The Applicant’s Protection Visa Application
On 7 February 2006, the Applicant lodged an application for a protection visa. In support of the protection visa application the Applicant’s migration agent provided a summary of the Applicant’s claims.
The Applicant claimed that in late 2006 he and his partner decided to open a restaurant in Dongzhoukeng in the province of Guangdong. The Applicant stated that, when he and his partner went to Dongzhoukeng on 2 December 2006, they observed disputes between the villagers and the village leaders regarding land compensation and many villagers were protesting against the land confiscation.
The Applicant stated that on 6 December 2006 the PSB sent staff to the village to disperse a protest. However, the villagers stood firm and two villagers were arrested. Later during the day, the Applicant stated that armed police and military tanks entered the village. The Applicant and his partner remained with the crowd. The Applicant stated that night the crowd was shot at and one villager was killed and one injured.
The Applicant stated that he was allowed to proceed home after the police had sighted his identification card and written down the numbers.

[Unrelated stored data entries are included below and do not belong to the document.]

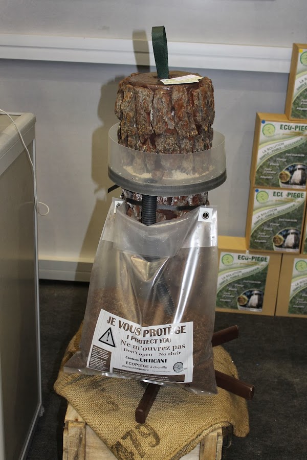 Este de aquí es para capturar la procesionaria. Funciona de la siguiente manera, las orugas cuando bajan al suelo ha poner sus pupas, quedan atrapadas en la bolsa donde hay tierra y allí hacen la pupa, esto es de una empresa francesa, nos contaron que allí esta prohibido utilizar cualquier tipo de insecticida.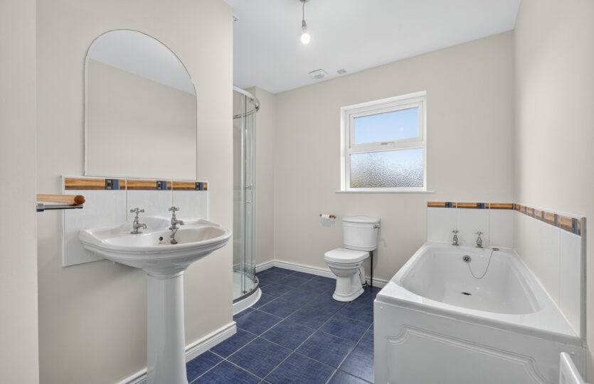 Comprising panelled bath with splashback tiling, corner aspect shower cubicle with Aqualisa electric shower unit, pedestal wash hand basin with splashback tiling and fitted mirror above, shaver point, tiled flooring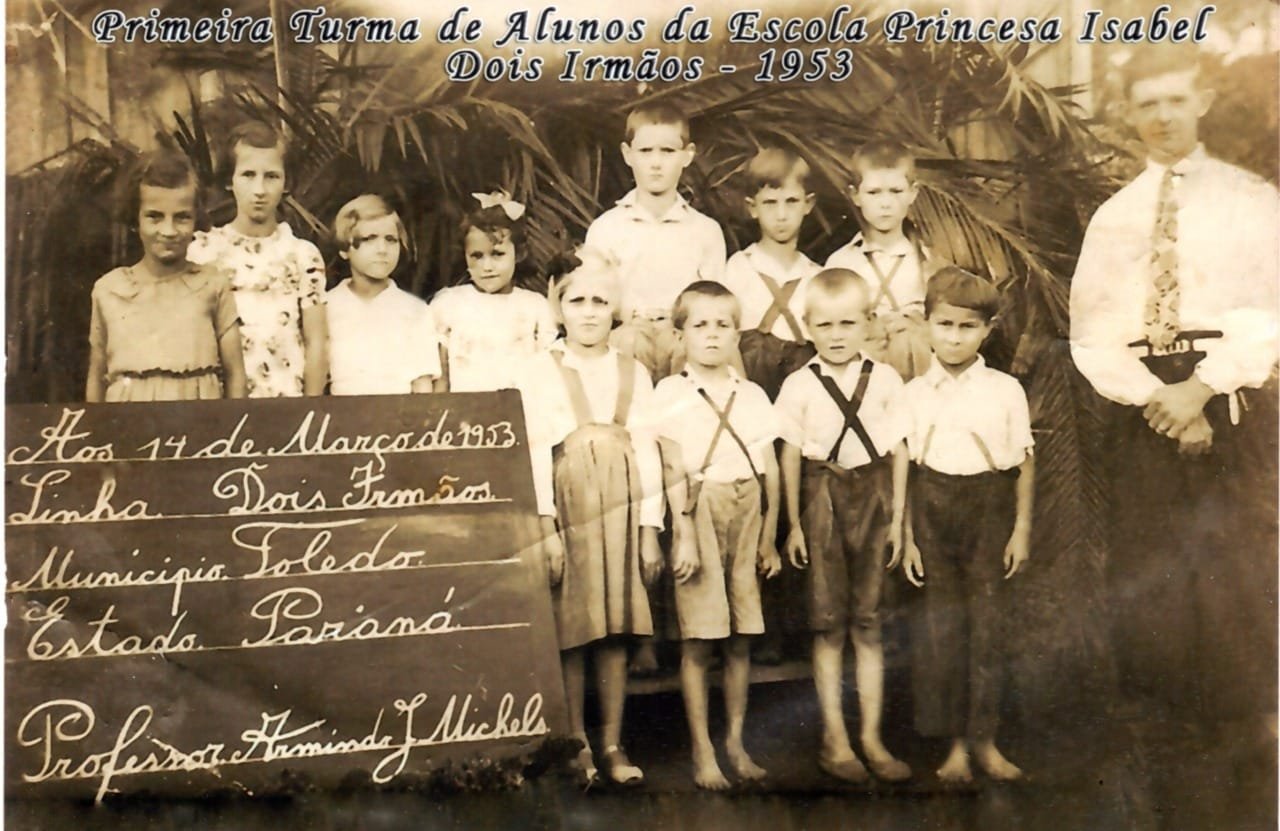 1953 — Começa a funcionar a Escola Municipal Princesa Isabel¹, na então vila de Dois Irmãos, município de Toledo (PR). Assume como professor Armindo José Michels.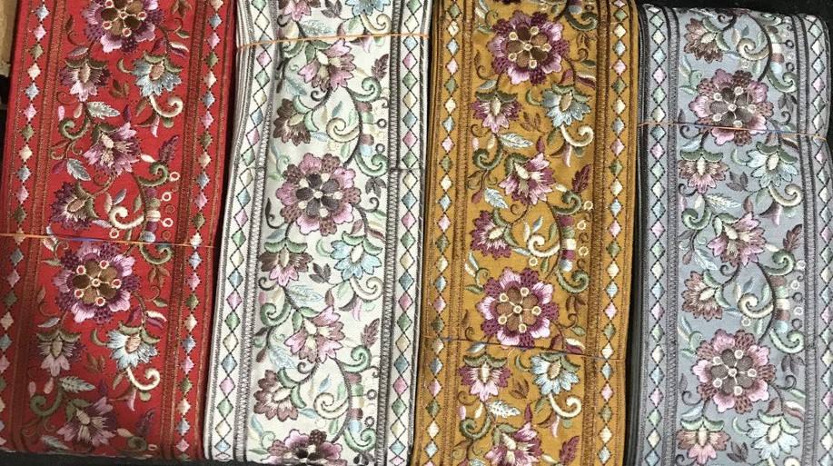 ริบบิ้นปักลายผ้าฝ้ายแบบอินเดียดั้งเดิม ตกแต่งขอบหรูหรา สไตล์โบฮีเมียน สำหรับกระเป๋า ลายดอกไม้ ยุโรป แอฟริกา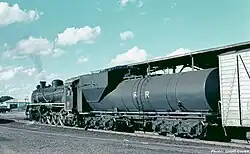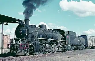 A single 19C class, no. 336, was built by Henschel in 1954 as a condensing locomotive. Nicknamed "Silent Suzie", it was intended for use in Botswana, but was unpopular with crews, and was rebuilt into a non-condensing 19th Class in 1958 after being involved in a collision.[4] The condensing tender was rebuilt to a Torpedo tender by mounting a tank and coal bunker, supplied locally in Bulawayo, on the frame.[3][5] This rebuilt tender is the one paired with no. 330 which is preserved in the Bulawayo Railway Museum.[6]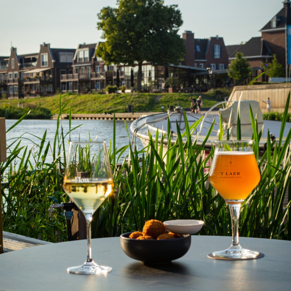 Geniet aan het water van heerlijke drankjes en cocktails, een goed glas wijn of ons eigen gebrouwen speciaalbier van Brouwerij ’t Laer. Op de kaart vind je ook bites en kleine gerechten om samen te delen – perfect voor een ontspannen middag of een lange zomeravond.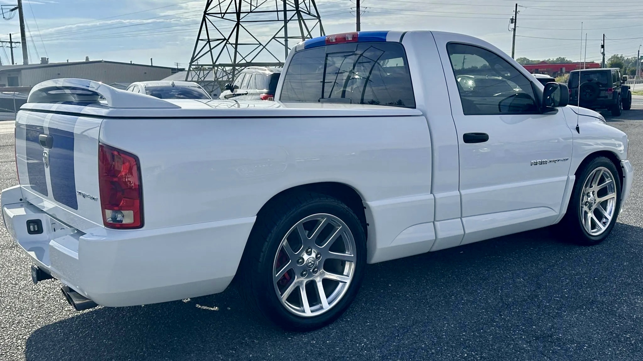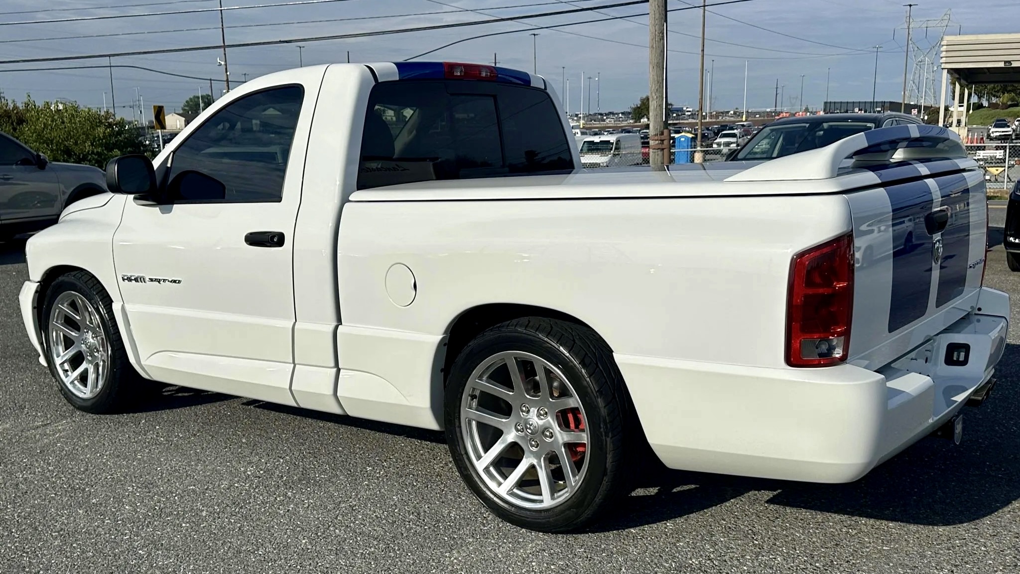 This 2005 Dodge Ram SRT-10 Regular Cab Commemorative Edition shows just 29,000 miles and looks every bit the part of a modern classic. Finished in Bright White with bold Electric Blue stripes, this limited-edition truck proudly celebrates Dodge’s performance heritage. Each of the 200 units came exclusively in this color combination, with special blue-stitched interiors and numbered plaques—this one being #008.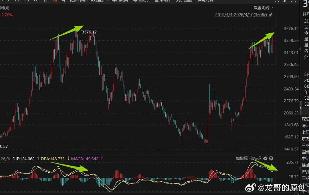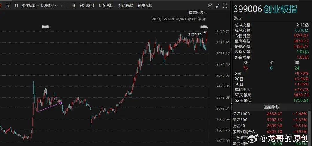 最近A股行情彻底火了,海外局势慢慢缓和,全球资金风险偏好回升,三大指数从3月底就一路往上冲。截至4月11日,创业板指直接突破2021年12月的高点,创下4年多来的新高!市场一片欢呼雀跃,不少人喊着“大牛市启动”,但也有人心里打鼓:这波暴涨,到底是新一轮行情的起点,还是阶段性冲顶的信号?结合技术走势、市场结构和机构观点,老郭直接给结论:创业板现在更像是阶段冲顶,而非真正的牛市开启,周线顶背离、权重独撑、机构抱团这三大信号,都在提醒大家别盲目追高。一、技术面预警:周线顶背离,上涨动力快耗尽了炒股的朋友都知道,顶背离是行情见顶的重要信号,简单说就是:指数越涨越高,但MACD指标却没跟上,反而往下走,红柱也越来越短。这背后的意思很直白:表面看着涨得猛,实际推动上涨的资金和动能已经跟不上了。现在的创业板就是典型:指数刷出4年新高,周线MACD却持续走低,红柱面积大幅缩水,形成清晰的周线顶背离。翻一下历史就懂了,创业板2021年2月、12月两次出现周线顶背离后,都迎来了大幅阶段性调整。更危险的是,不光创业板,沪深两市也同步出现背离信号,多指数共振,调整的概率只会更大。二、行情太假:指数狂欢,却是权重股“一个人的表演”这波创业板新高,看着热闹,其实绝大多数散户根本没赚到钱,典型的“赚了指数不赚钱”。创业板前8大权重股,占了整个板块超53%的权重,光宁德时代一家就占近20%,中际旭创、新易盛这些光模块龙头,权重也都超7%。4月10日创业板大涨超4%,宁德时代、中际旭创等权重股涨幅超6%,三只票就贡献了指数一半以上的涨幅。可同期创业板个股涨跌幅中位数只有0.83%,超过一半的股票,涨幅远不如指数。这种二八分化的行情,基础特别脆弱:全靠几只大权重股拉着指数跑,一旦这些权重股获利盘出逃,没有其他个股接盘,指数分分钟会快速回调。三、资金真相:不是增量资金进场,就是存量资金抱团很多人以为行情火爆是新资金大举入场,其实根本不是,这就是存量资金的抱团游戏。宁德时代融资余额超200亿,中际旭创、东方财富也都是融资盘大户,公募基金一季报显示,新能源、光模块、AI算力这些龙头,早就成了机构的核心持仓。市场成交量看似放大,可资金全扎堆在少数权重股里,没有全面放量普涨,说白了就是:资金从小盘股撤出来,集中去拉权重股,用有限的资金把指数推到新高。这种抱团行情最怕“翻脸”:一旦权重股业绩不及预期、估值太高,或者有外部利空,机构抱团一散,就会出现“多杀多”的急跌。现在高位股已经崩了一批:汇源通信5连板后直接跌停,新能泰山两连跌停,法尔胜、舒华体育也双双跌停,纯情绪炒作的资金,已经开始慌了。四、长期是利好,短期有风险,业绩要“验真金”不可否认,创业板有政策红利加持,证监会优化上市规则,长期肯定利好新兴产业发展,但政策利好是慢功夫,撑不起短期这么猛的暴涨。这波反弹的核心原因,就是海外地缘冲突缓和,全球风险偏好提升,可地缘局势的变数还在,根本没彻底稳定。而且上证指数4000点上方套牢盘太多,很难一次性冲过去,还得反复震荡。创业板这波上涨,更多是前期超跌后的修复,不是彻底的牛市反转。眼下4月正是年报、一季报密集披露期,业绩就是最好的试金石。如果权重股业绩跟不上现在的股价,靠情绪推高的估值必然要回调,机构抱团一瓦解,指数调整只会更猛。最后总结:别被新高冲昏头,谨慎控仓才靠谱总的来说,创业板这波4年新高,就是海外情绪回暖+机构抱团拉权重的结果,不是新一轮大牛市的开启。周线顶背离的技术风险、权重独撑的虚假行情、存量抱团的脆弱资金面,都在提示:现在盲目追高很危险,大概率是阶段冲顶。给大家的操作建议很简单:别被指数的狂欢迷惑,重点盯着两点:权重股的资金流向、一季报的业绩情况。一旦出现量能萎缩、权重冲高回落、业绩不及预期,赶紧减仓控风险。长期看好创业板的新兴产业没问题,但短期一定要留个心眼,谨慎一点,才能在震荡市里守住收益,走得更稳。👉 大家觉得创业板这波是真突破还是假新高?评论区聊聊你的看法!👍 觉得有用的朋友,点赞+在看,转发给身边还在追高的朋友!

The Applicant claimed to have had conversations with one of the leaders of the protest who rang him several hours after the protest and told him that armed police had come to that leader’s home and asked the Applicant’s whereabouts. The Applicant stated that he then telephoned his home and was told that the local police had come to his home twice and asked where he went. The Applicant stated that he then decided to leave and travel overseas. He stated that a friend assisted him to obtain a Portuguese passport and enter Australia on a visitor’s visa.
The Delegate’s decision
On 8 May 2006, a delegate of the then Department of Immigration and Multicultural Affairs refused the Applicant a protection visa on the basis that he is not a person to whom Australia has protection obligations. The delegate found that the Applicant did not have a profile that would make him of adverse interest to authorities and therefore his fear was not well-founded.
The Review by Refugee Review Tribunal
On 8 June 2006, the Applicant lodged an application for review of the delegate’s decision with the Refugee Review Tribunal (“the Tribunal”). In support of his application the Applicant provided a photocopy of a Chinese passport issued on 21 September 2004 issued in Guangdong and an original Chinese identification card. He also provided two copies of reports of the incident in which he claimed to have participated.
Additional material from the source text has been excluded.